Over and over the threshing floor was mentioned, and I paid special attention because it seemed so symbolic. Indeed, the threshing floor symbolizes a place of both blessing and judgement. In 2 Samuel 24:18-25, David is going to build an alter to the Lord on the threshing floor of Araunah the Jebusite. (Jebusites were the previous inhabitants of Jerusalem, and some still lived there.) Araunah was fully prepared to give the King the site, as well as oxen for the burnt offering.

Then David says, “No, I will buy it from you for a price. I will not offer burnt offerings to the Lord my God that costs me nothing.”

So often we lay down our “offerings” to the Lord and it cost us nothing to do so. All throughout the Bible, when God chooses His servants, it costs them everything. When fear and doubt creep in, we are often tempted to take control to help God out. We end up making a mess of things, yet God in His infinite grace, still accomplishes His will through us.

And it always, always, costs.

 

When we had the first inklings of adoption, I said to God, “Ok, I’m up for adoption. But I’m thinking, like, drop a baby at our doorstep, like they do in Lifetime movies, and I will say, ‘Wow! A baby! Let’s adopt him!'” He’d of course be perfect and everything would be tied up with a pretty bow. And, best of all, it would cost me nothing. In other words…obedience without sacrifice.
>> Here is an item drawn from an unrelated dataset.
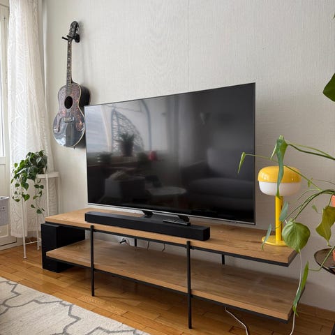 Jotexin Lyckeby TV-taso, tasossa yksi pieni jälki (kuvassa), muuten hyvässä kunnossa. Ovh. 499€, linkki tuotteeseen https://www.jotex.fi/lyckeby/lyckeby-tv-taso-42x180-cm/1612449-01

God gave me the opposite story. This journey has been long. Arduous. Painful. Humbling. I’ve been filled with fear and doubt and have faced more spiritual attacks in four years than I have in my entire life. But it’s also taken me to the hard, dirty surface of the threshing floor. I’m the stalk that has been slammed to the ground, tossed in the air, and stripped of the worthless fibers that padded my life. And the valuable kernels have fallen to the ground, and gleaned for His glory.

So from now on, I will not offer burnt offerings to the Lord my God that cost me nothing. Because I’ve learned that in the threshing, in the pain of the price, God proves to be more than enough. Not just enough…bountiful. A deep, inexhaustible well that fills the soul.

And I’d rather have the valuable kernels that are gathered and used, than the worthless chaff that the wind carries away in the smallest of breezes.

Oh to be people of God who refuse the easy way and instead we say, “I will not offer my offering to the Lord that costs me nothing.” And gladly surrender all that we have to the Lord our God.